In 2014, the Élysée-Montmartre was purchased by Julien Labrousse and his partner Abel Nahmias. They have begun the renovation works and the reopening was scheduled for 2016. The Élysée-Montmartre reopened on September 15, 2016, after five years of closure and two and a half years of work. The reopening featured a concert by Matthieu Chedid.

=== Palacio do Grilo ===

Palacio do Grilo was built in the 18th century and predominantly Neoclassic style punctuated by baroque expressions and motifs and was classified as a Public Interest Monument in 2011.

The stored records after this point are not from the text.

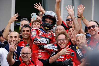 „Es war nicht einfach. Am Start habe ich alles versucht, um an der Spitze zu bleiben. Aber dann zogen Jorge und Franco vorbei. Ich dachte, sie pushen zu hart. So wie sie am Anfang attackiert haben, habe ich am Ende attackiert. Ich holte auf, erhöhte den Druck und in den letzten Runden merkte ich, dass Jorge Fehler machte. Nach seinem Sturz habe ich viel Tempo rausgenommen, denn es war sehr knifflig. Der Vorderreifen ist immer wieder weggerutscht. Ich bin überglücklich. Es ist mein vierter Sieg in Folge und mein erster hier auf dem Sachsenring“, sagt ein überglücklicher Bagnaia.
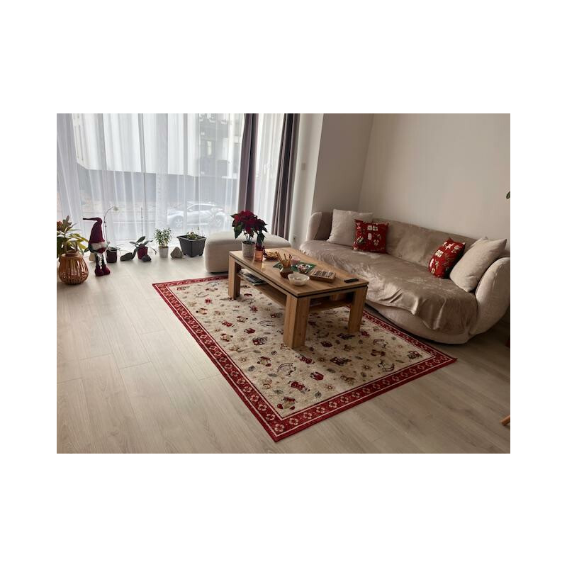 Tento koberec do vášho domova jednoznačne vnesie kúzlo Vianoc! Na jeho béžovom podklade sa rozprestierajú klasické vianočné motívy, ktoré navodia slávnostnú atmosféru plnú radosti a pohody. Červené lemovanie dodáva kobercu štýlový nádych a upúta pozornosť každého návštevníka. Protišmyková spodná vrstva zaisťuje, že koberec lepšie drží na svojom mieste, či...
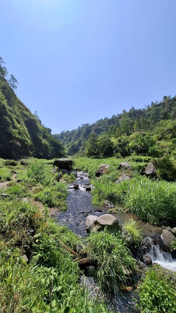 Dari sini, kami kembali menyusuri jalur menuruni bukit menuju daerah Plunyon untuk melihat dam yang pertama kali dibangun di kaki Gunung Merapi serta sungai di sekitarnya. Asiknya, ketika menyusuri lembah Plunyon-Kali Kuning sepanjang sekitar 1 kilometer, kami seperti sedang berjalan di jurassic valley. Dan ketika melihat aliran sungai dengan air yang sangat jernih dengan tumbuhan subur di sekitarnya, ingin sekali rasanya menceburkan diri. Apalagi sinar matahari mulai terasa terik. Aliran air bening dan segar ini seperti “memanggil-manggil” mengajak kami bermain di sana.
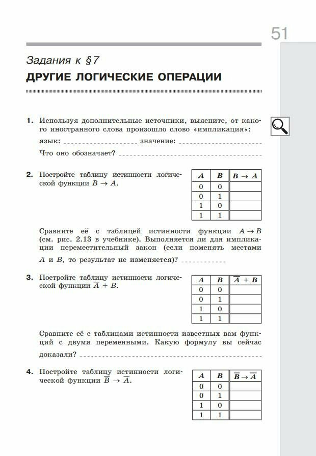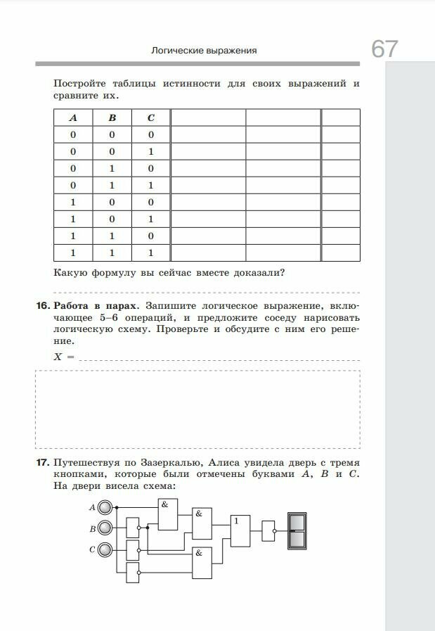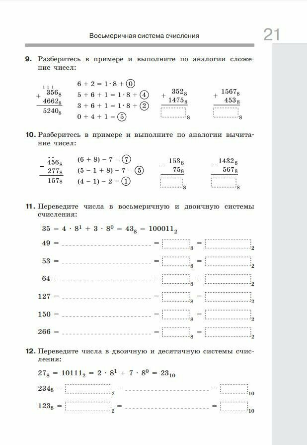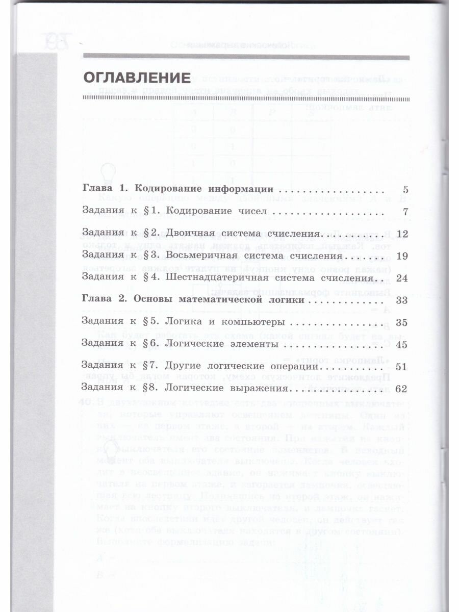 В рабочей тетради для каждого параграфа подобраны задания, которые можно выполнять как на уроке, так и дома. Рабочая тетрадь содержит задания по всем темам пособия. В первой части рабочей тетради представлены задания по темам "Кодирование информации" и "Основы математической логики" пособия, во второй - "Алгоритмы и программирование" и "Программирование".
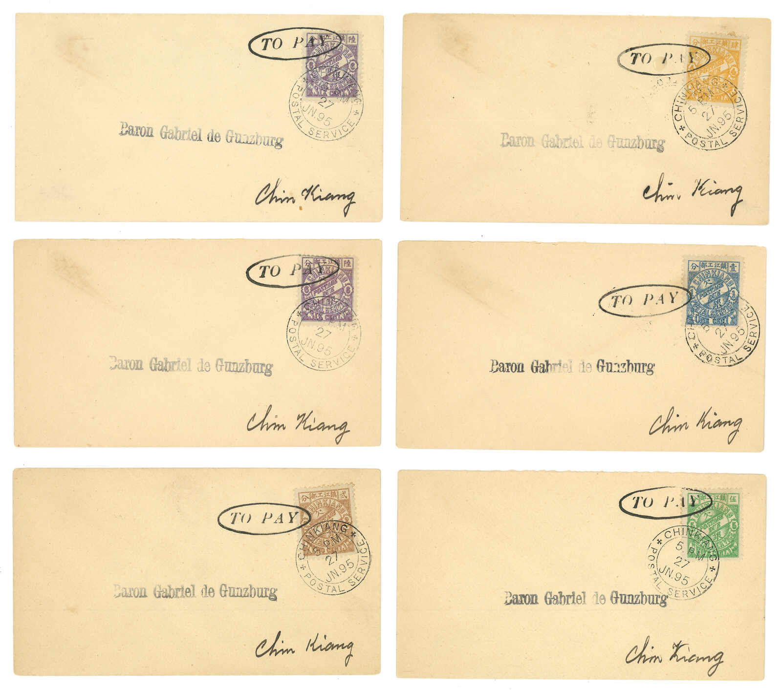 3244 cover image1895 a group of 6 Chinkiang LPO philatelic covers to Baron Gabriel de Gunzburg, f.w. Chinkiang LPO litho postage due singles, denominations from 1c to 6c, tied by Chinking Postal Service cds and/or oval "TO PAY" mark.
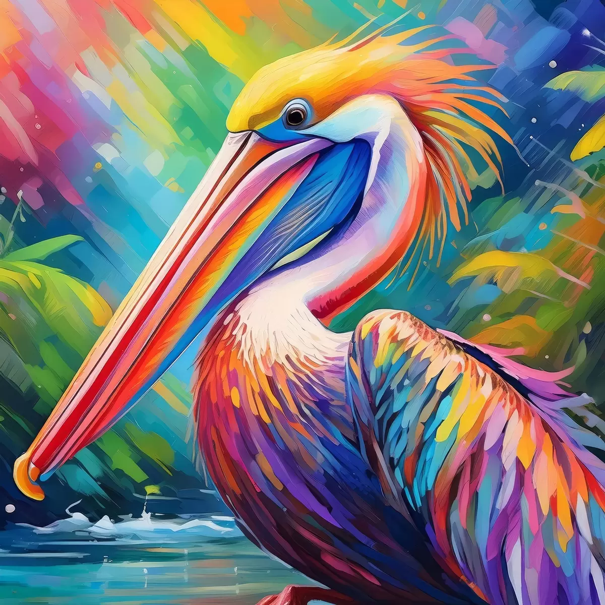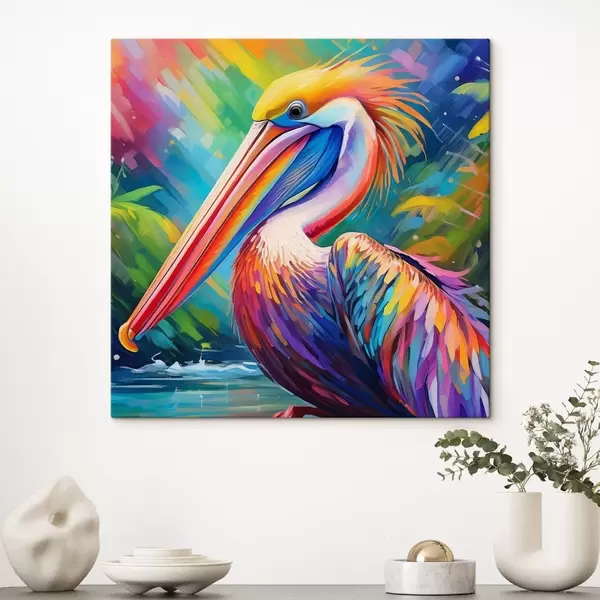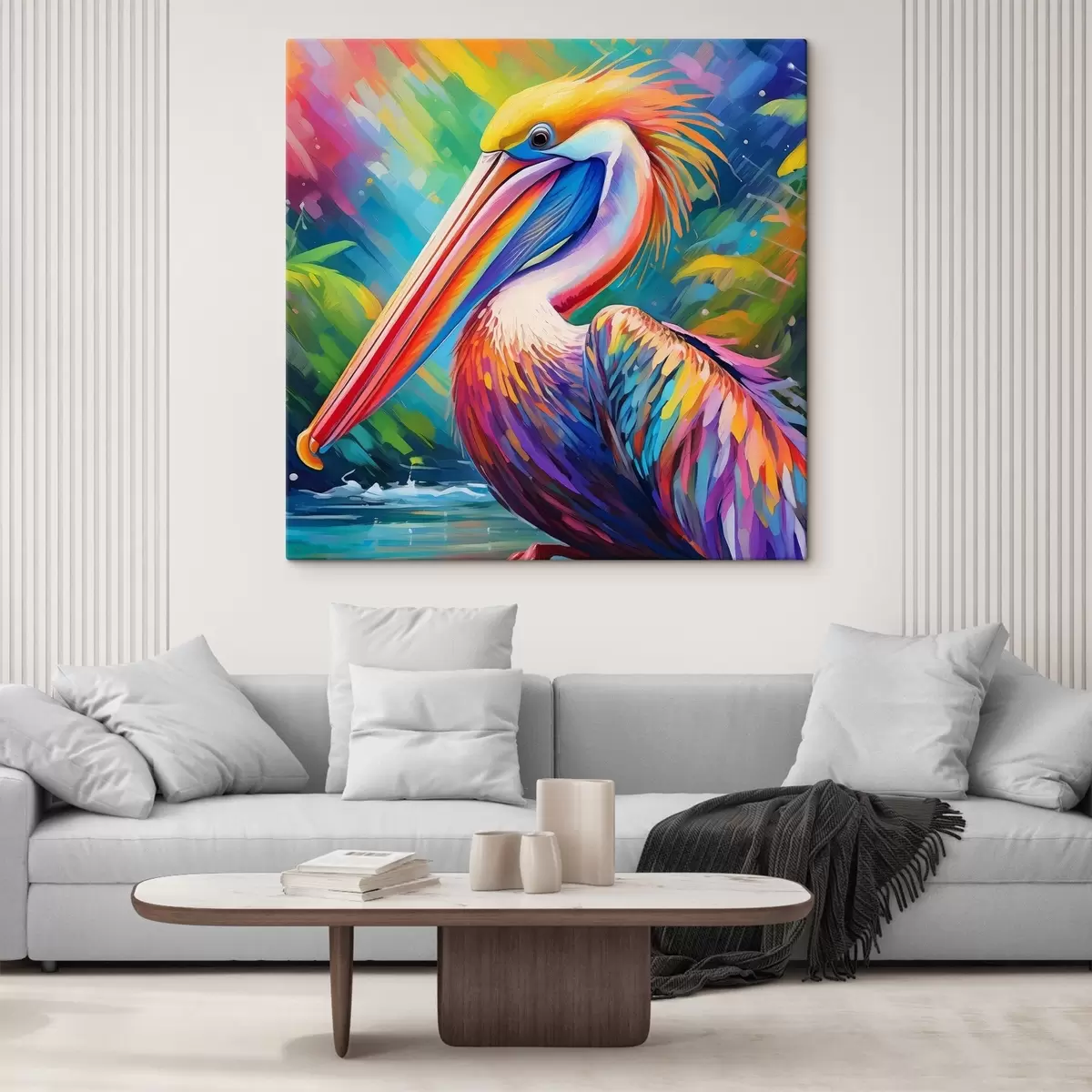 Schilderij Levendige pelikaan tegen kleurrijke achtergrond Art. s39054
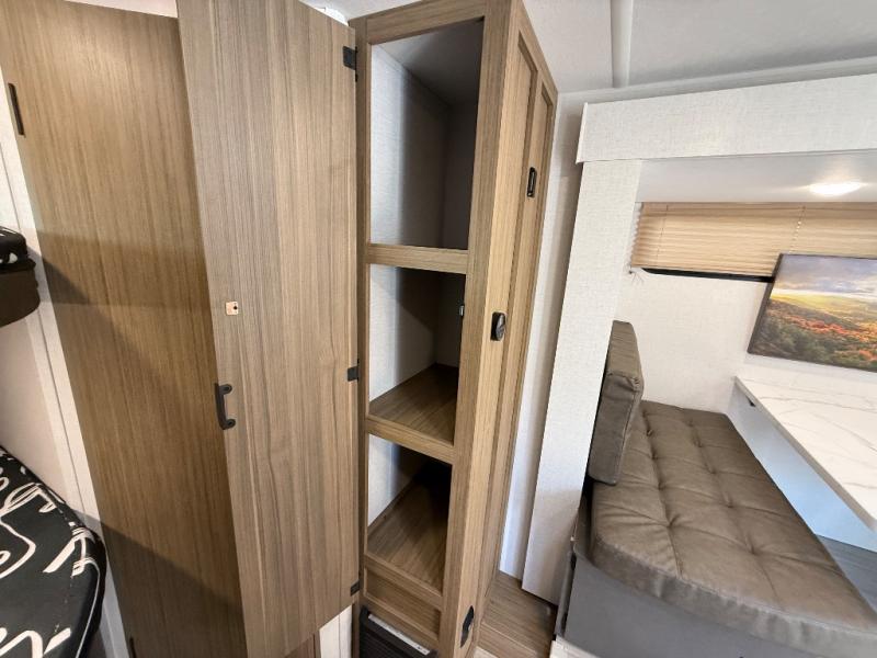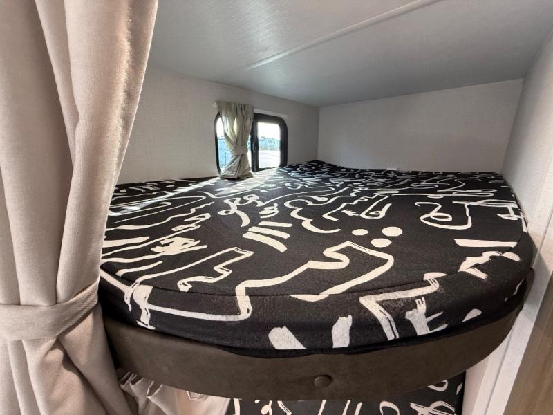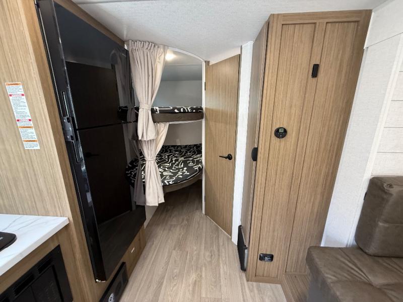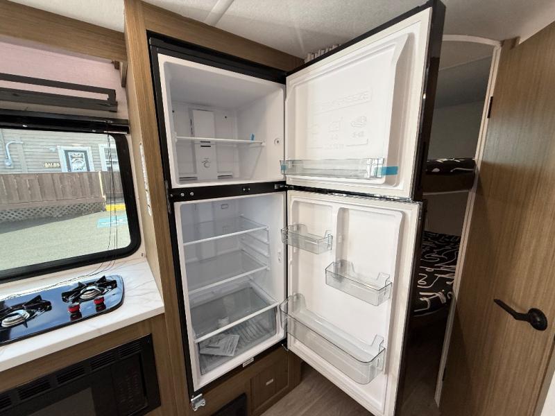 It will be so easy to enjoy time spent in this travel trailer for seven. The front queen bed provides a great night's rest, and there is an overhead cabinet to keep your things organized. Your guests or little ones can claim the double-size bunks for themselves, and there is a full bath adjacent to the bunks for easy nighttime use. A two-burner cooktop in the kitchen will let you make meals for your crew, and a refrigerator keeps leftovers fresh. You can dine at the booth dinette within the slide out or take your plate outdoors to sit under the 15' power awning.
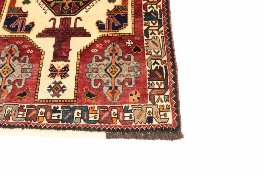 Handgeknüpfter Ghashghai-Teppich | Knotendichte: 160.000 – 200.000 Knoten/m² | Material: 100% Wolle | Größe: 172×113 cm | Farbe: Weiß/Beige | Ursprung: Iran/Persien | Zustand: Neu | Florhöhe: ca. 10 mm
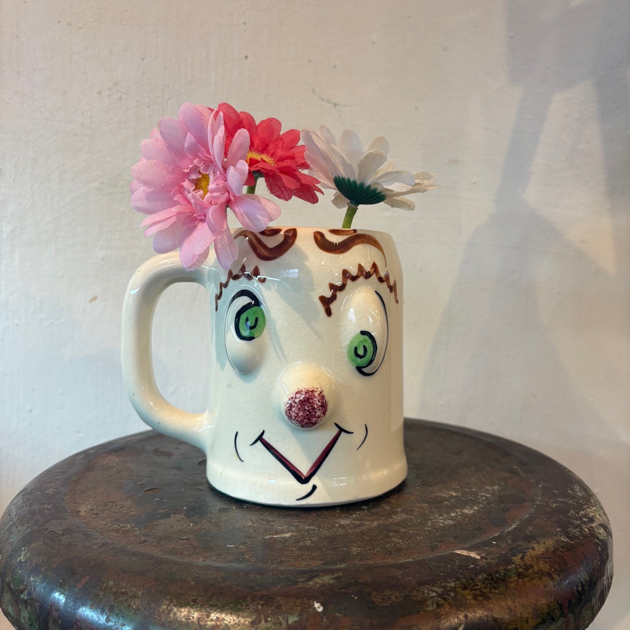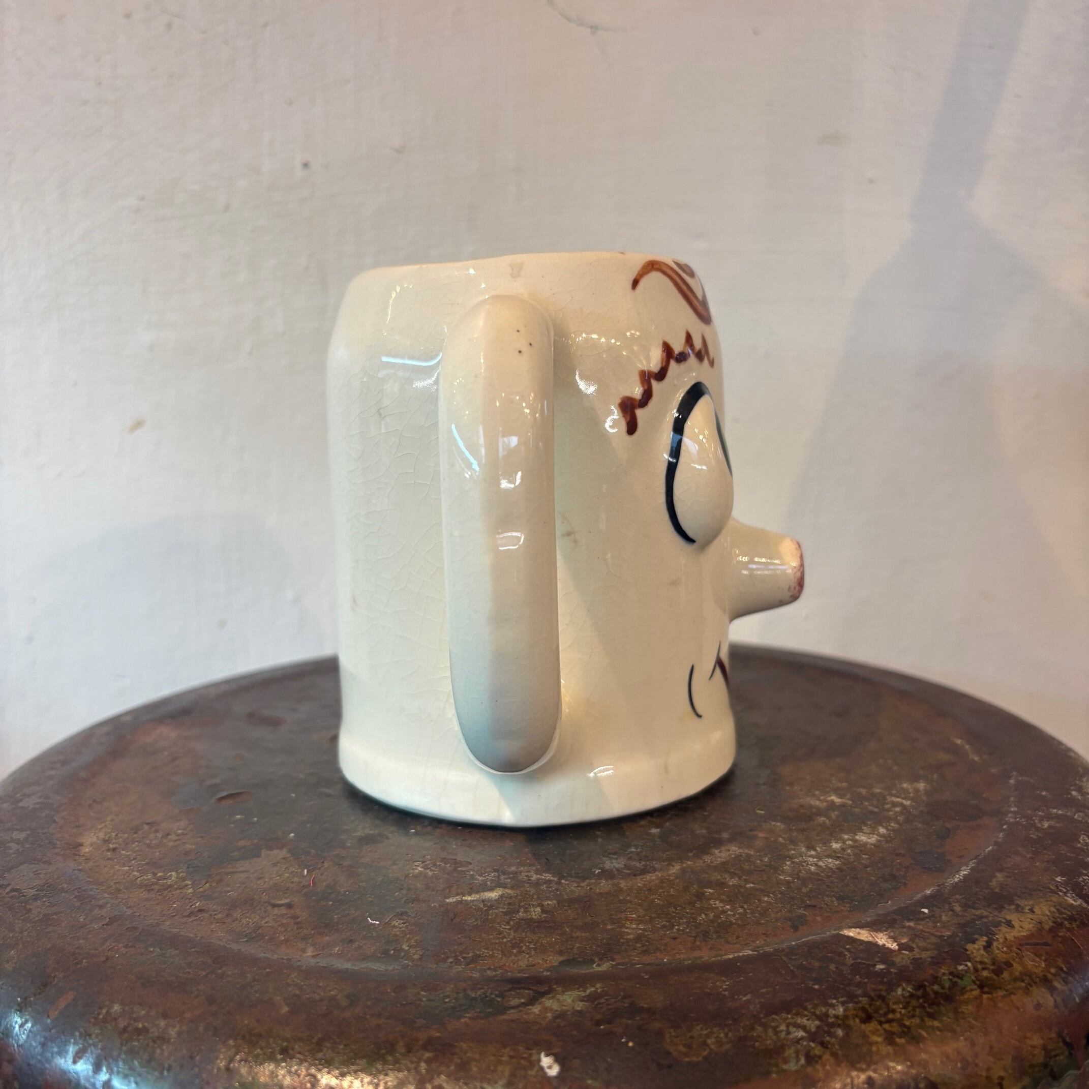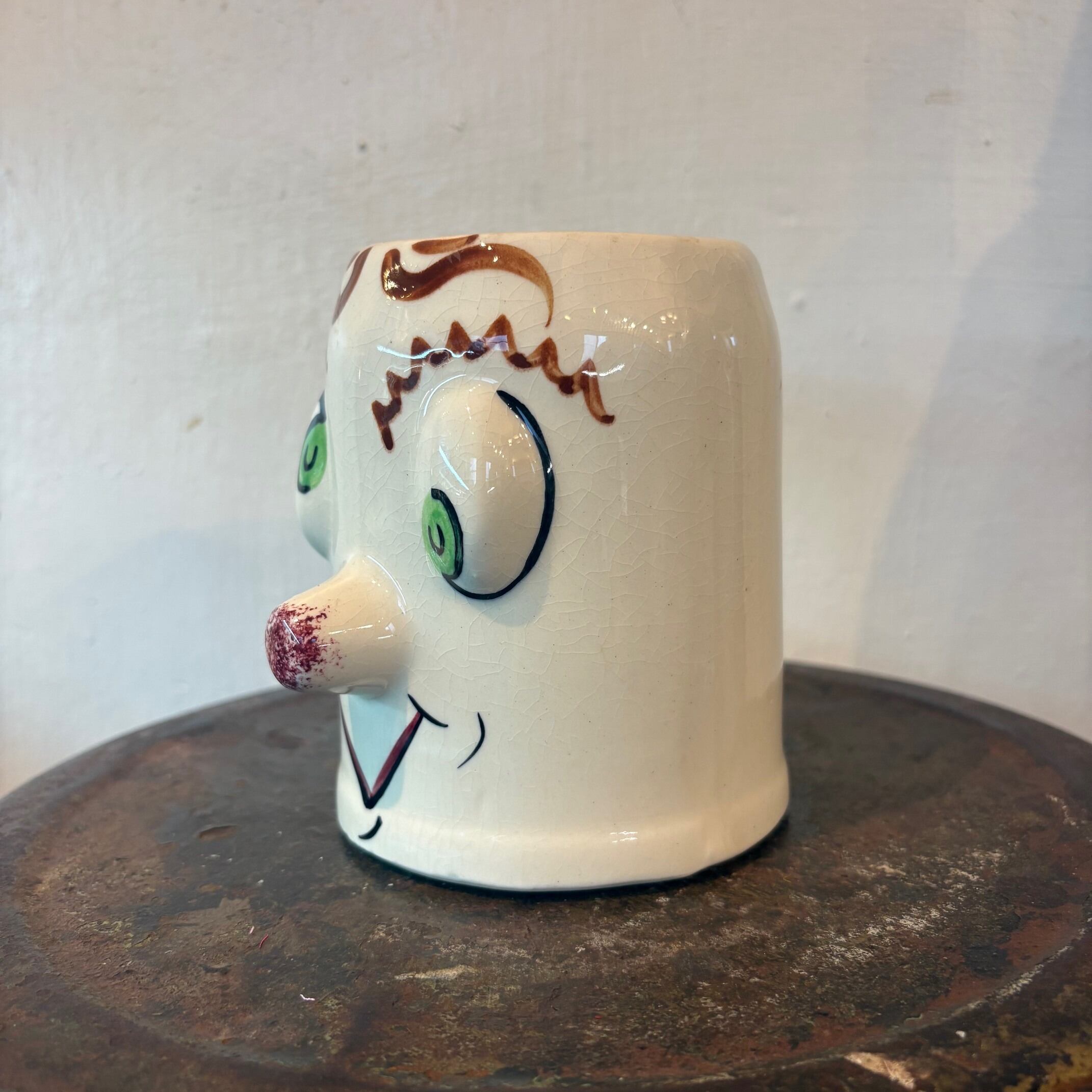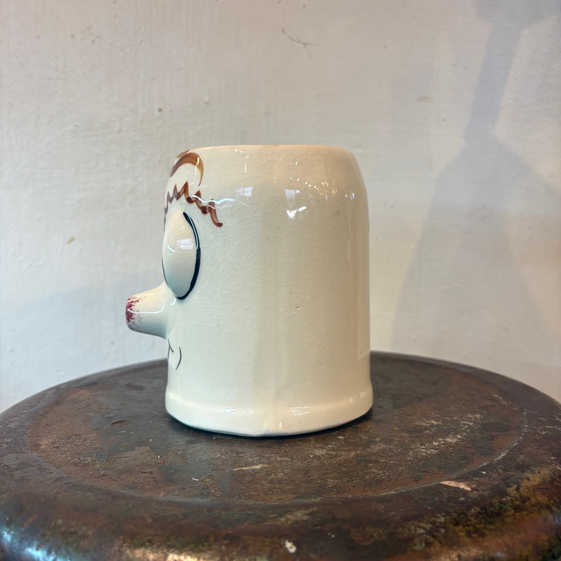 ハンドペイントで描かれた、どこか間の抜けた表情と立体的な造形でヴィンテージならではの個性が詰まったマグ。
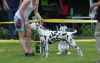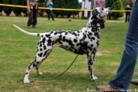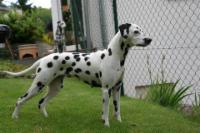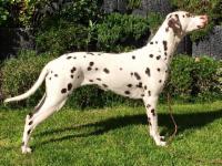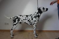 Easy ist eine harmonisch aufgebaute, gleichmäßig weiß/schwarz gefleckte Hündin, die eine sehr ansprechende Kopfohrplatte schmückt. Sie liegt mit einem Stockmaß von 55 cm perfekt im Standard und folgt damit nicht dem Trend der immer größer werdenden Punktehunde. Sie besitzt einen femininen Kopf, schöne mittelbraune Augen, einen festen geraden Rücken, Vorzügliche Winkelungen der Vor- und Hinterhand, vorzügliche Vorbrust & Brusttiefe und ein schönes Gangwerk mit korrektem Schub aus der Hinterhand.

In 2018, Labrousse purchased the Palacio do Grilo and transformed it into a performance theatre, with a restaurant set to open on 20 June 2022. In 2022, Labrousse contributed to the architecture and furniture design of the palace, and in 2023, the project was awarded the Prix Versailles.

== Realisation ==
- Hôtel du Nord, 2005
- Galerie LHK, 2006
- Cococook, 2007
- Chacha, 2008
- Théâtre du Trianon, 2009
- Elysée Montmartre, 2014
- Palacio do Grilo 2022

== Awards and honors==
In 2023, the project Palacio do Grilo was laureate of the Versailles Prize - the UNESCO World Prize for Architecture and Design. His work on the Élysée-Montmartre has been shortlisted in the "Hotel and Short-Stay Interior" category of the Dezeen Awards 2024. In 2025, Labrousse's work on the Élysée-Montmartre was awarded the ArchDaily's Building of the Year in the category of Hospitality Architecture.